Read the corresponding data study2.csv into the R-environment.
X = read.table("data/study2.csv", sep=";", header=TRUE)
str(X)
## 'data.frame': 500 obs. of 3 variables:
## $ Protein.A: num 10.7 11.7 10.3 11.9 10 ...
## $ Protein.B: num 13.5 14.8 12.8 14.4 13.2 ...
## $ Protein.C: num 7.06 7.34 8.73 6.53 7.68 ...
Make scatter plots of each pair of proteins (plot).
plot(X)
Determine Pearson’s correlation between each pair of proteins (cor.test).
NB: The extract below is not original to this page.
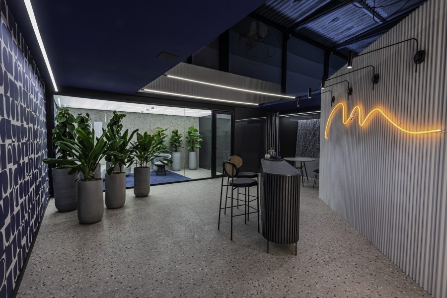 Visual contemporâneo, materiais sofisticados e acabamentos diferenciados: o espacço traz dinamismo visual de grande personalidade e se encaixa com uma área de descompressão. Espacço interativo com área multifuncional de videocast, podcast, cenografia para influencers e mídias tradicionais e disruptivas além de palestras e workshops. A “arena escritóro” coloca em pauta as áreas de gravações de conteúdos e entrevistas voltadas para um cubo acústico com infraestrutura técnica de produção de vídeo e conteúdo. Características visuais e sensoriais criam uma ambientação que equilibra informalidade, interação digital e versatilidade.

cor.test(X$Protein.A, X$Protein.B)
cor.test(X$Protein.A, X$Protein.C)
cor.test(X$Protein.B, X$Protein.C)
##
## Pearson's product-moment correlation
##
## data: X$Protein.A and X$Protein.B
## t = 50.271, df = 498, p-value < 2.2e-16
## alternative hypothesis: true correlation is not equal to 0
## 95 percent confidence interval:
## 0.8982970 0.9273551
## sample estimates:
## cor
## 0.9139905
##
##
## Pearson's product-moment correlation
##
## data: X$Protein.A and X$Protein.C
## t = 1.9296, df = 498, p-value = 0.05423
## alternative hypothesis: true correlation is not equal to 0
## 95 percent confidence interval:
## -0.00155775 0.17253187
## sample estimates:
## cor
## 0.08614461
##
##
## Pearson's product-moment correlation
##
## data: X$Protein.B and X$Protein.C
## t = 0.28971, df = 498, p-value = 0.7722
## alternative hypothesis: true correlation is not equal to 0
## 95 percent confidence interval:
## -0.0747947 0.1005572
## sample estimates:
## cor
## 0.01298103
L1 = lm(X$Protein.B ~ X$Protein.A)
Evaluate the summary over the linear model to check the goodness of fit.
summary(L1)
##
## Call:
## lm(formula = X$Protein.B ~ X$Protein.A)
##
## Residuals:
## Min 1Q Median 3Q Max
## -1.41408 -0.30749 0.00183 0.28727 1.33353
##
## Coefficients:
## Estimate Std. Error t value Pr(>|t|)
## (Intercept) 4.03927 0.17893 22.57 <2e-16 ***
## X$Protein.A 0.89633 0.01783 50.27 <2e-16 ***
## ---
## Signif. codes: 0 '***' 0.001 '**' 0.01 '*' 0.05 '.' 0.1 ' ' 1
##
## Residual standard error: 0.4258 on 498 degrees of freedom
## Multiple R-squared: 0.8354, Adjusted R-squared: 0.835
## F-statistic: 2527 on 1 and 498 DF, p-value: < 2.2e-16
Do you know the meaning behind each section of summary?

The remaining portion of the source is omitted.